Rinvio a giudizio per Paolo Berlusconi. Si è chiusa così la prima tappa dell’udienza preliminare sull’inchiesta nata dalla divulgazione delle intercettazioni telefoniche tra Giovanni Consorte e Piero Fassino pubblicate su «Il Giornale» il 31 dicembre del 2005. Il gup Stefania Donadeo ha deciso anche la data del processo, che comincerà il 4 ottobre di fronte alla quarta sezione penale del tribunale di Milano.
Il dibattimento, dunque, sarà direttamente incentrato su una delle tre frasi «simbolo» della stagione delle scalate bancarie di quell’anno: quell’«abbiamo una banca» dell’attuale sindaco di Torino Piero Fassino a Giovanni Consorte, che si accompagna al «bacio in fronte» di Gianpiero Fiorani ad Antonio Fazio, e al «stamo a ffà i furbetti del quartierino» di Stefano Ricucci.
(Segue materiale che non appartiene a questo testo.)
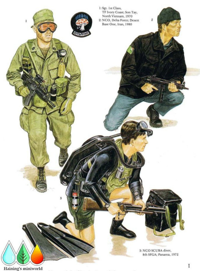 对于突击队员们设定他们的个人装备给与一定自由是一个好主意。当然,他们的个人任务也要求他们使用标准的M1956式携行装备作为基础性的个人装备。当时缺乏相应的制式携行器具的情况下,水壶套往往被用来装XM177E2冲锋枪的30发装弹夹。人物左肩头的背带上固定着一盏矿工用灯,它的下面是装闪光灯的口袋。右肩背带上固定的是AN/PRT-4A型电台信号发射器(没有携带接收器,它只能在适当地点报告使用者的位置)。这名中士还戴了标准制式的护目镜,护目镜粘上了红色贴膜以保护眼镜不受空降时照明弹的损害。又要对手部起到保护作用,又不要像大多数手套那样影响对武器操控和锁定的感觉,他手上戴了空军的夏季飞行薄手套。所有突击队员在橄榄绿色丛林杂役服上只佩戴军衔徽章。52名突击队员中的大多数都使用的都是XM177E2型冲锋枪。阿玛莱特单点(Armalite singlepoint)夜视仪固定在冲锋枪的提把上。这支部队所携带的其他轻武器包括了M60式机枪、M79式榴弹发射器、M16A1步枪和12分度口径的防爆散弹枪。作为补充,大多数人还分别携带了一支M1911A1式手枪和若干手雷,后者大多数为MkIII型攻击手雷,也就是通常所说的“震击”手雷,其名称的由来源于其能产生伴随少量爆破效能的巨大冲击波。所有成员还都携带了无数种求生和解困装备。
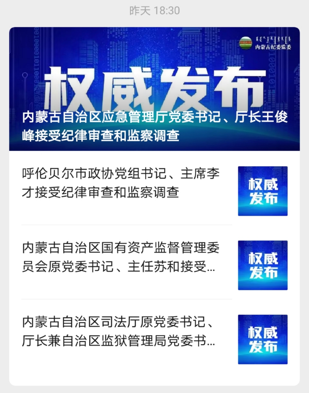 內蒙古自治區應急管理廳黨委書記、廳長王俊峰涉嫌嚴重違紀違法,目前正在接受紀律審查和監察調查。
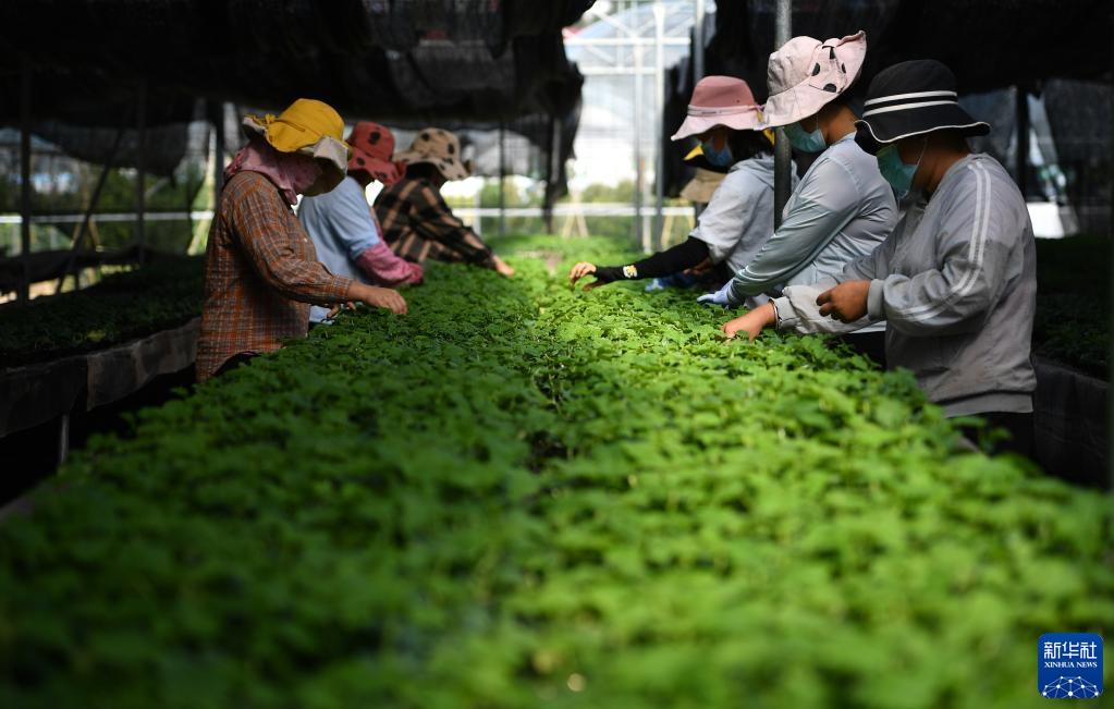 11月16日,工作人員在三亞市熱帶農(nóng)業(yè)科學(xué)研究院育苗大棚中分揀青瓜苗。新華社記者 郭程 攝
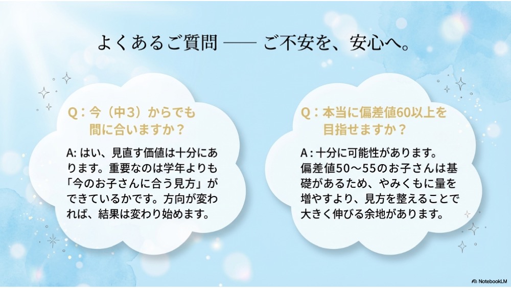 偏差値50〜55のお子さんは、基礎がまったくないわけではなく、まだ整理が足りない状態 であることが少なくありません。
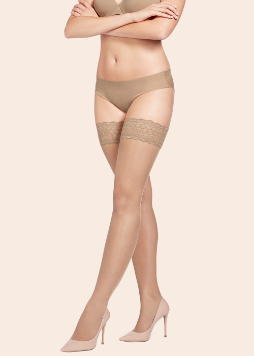 Эти женственные чулки Philippe Matignon Oro 15 den привлекают внимание к себе кружевом!Оно находится сверху и имеет внутри силикон, удерживающий их на месте. Тонкие чулки, благодаря Lycra, прочные и эластичные.
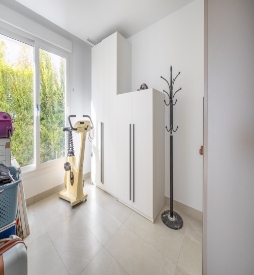 Going into the property the first thing you will notice is how flooded with light it is. The lounge diner is very spacious with an open, luxury kitchen with all appliances. The vaulted, beamed ceiling is a very nice feature adding a rustic touch to the modern internal space. The large patio doors lead to a terrace which is perfect for alfresco dining and entertaining. The garden to the back of the property is large and has a gate giving direct access to the beautiful communal pool. Whilst there is room for a private pool, the close proximity of the communal pool and its direct access from the garden is why the current owners chose not to have a private pool.

La differenza è che l’intercettazione di Fassino non poteva essere pubblicata non solo perché non era ancora stata depositata, ma non era neppure agli atti, né trascritta. Ed è su quel nastro che, secondo la procura, si è generato un illecito commercio che ha portato prima allo scoop del quotidiano di via Negri, e poi alle accuse nei confronti del fratello minore del presidente del Consiglio: ricettazione, millantato credito e concorso in rivelazione di segreto d’ufficio. Berlusconi jr sarà l’unico dei quattro indagati-imputati ad andare a giudizio con il rito ordinario.
Diversa sarà la sorte processuale di Roberto Raffaelli, amministratore della Rcs research control system, società che faceva le intercettazioni per conto della procura, e degli imprenditori Eugenio Petessi e Fabrizio Favata, intermediari nel passaggio di mano dei nastri.
Su di loro il Gup deciderà il prossimo 8 giugno: Favata, per cui il pm ha chiesto una condanna a due anni e otto mesi, ha optato per il rito abbreviato. Raffaelli e Petessi, invece, hanno trovato un accordo con il pm Maurizio Romanelli per un patteggiamento rispettivamente a un anno e otto mesi e a un anno e quattro mesi. Carlo Federico Grosso, legale di Fassino, che si è costituito parte civile, ha chiesto una provvisionale non inferiore a 250mila euro e un risarcimento dei danni da determinare in separato giudizio. Paolo Berlusconi si è detto «rammaricato» per il rinvio a giudizio e ha sottolineato come sia «mia ferma intenzione agire con tutte le mie forze per dimostrare la mia estraneità a tutta quanta questa vicenda. Naturalmente assumerò ogni iniziativa nei confronti di coloro che mi hanno indicato come autore di reati di cui sono stato vittima inconsapevole».
Lo scoop di fine anno
Erano i giorni caldi dell’inchiesta sulla tentata scalata di Unipol a Bnl e il «Giornale», il 31 dicembre del 2005, uscì con uno scoop: una conversazione telefonica, intercettata dalla procura di Milano, nella quale l’allora segretario dei Ds Piero Fassino, parlando con Giovanni Consorte affermava: «Allora, abbiamo una banca?»
Per la pubblicazione di quella intercettazione, Paolo Berlusconi (foto), editore del «Giornale», è stato rinviato a giudizio dal gup di Milano Stefania Donadeo con l’accusa di ricettazione, millantato credito e concorso in rivelazione del segreto d’ufficio
Premier parte lesa. Per l’inchiesta era stato iscritto nel registro degli indagati anche Silvio Berlusconi: Fabrizio Favata e Roberto Raffaelli, titolare di Rcs, l’azienda che aveva fornito le attrezzature per le intercettazioni, avevano raccontato che la vigilia di Natale del 2005 erano stati ad Arcore con la pen-drive per fargli ascoltare il contenuto della telefonata tra Fassino e Consorte. Il pm Maurizio Romanelli ha però subito chiesto e ottenuto l’archiviazione in quanto «non vi è prova tranquillante della materiale ricezione della chiavetta». Berlusconi appare nel processo come parte lesa.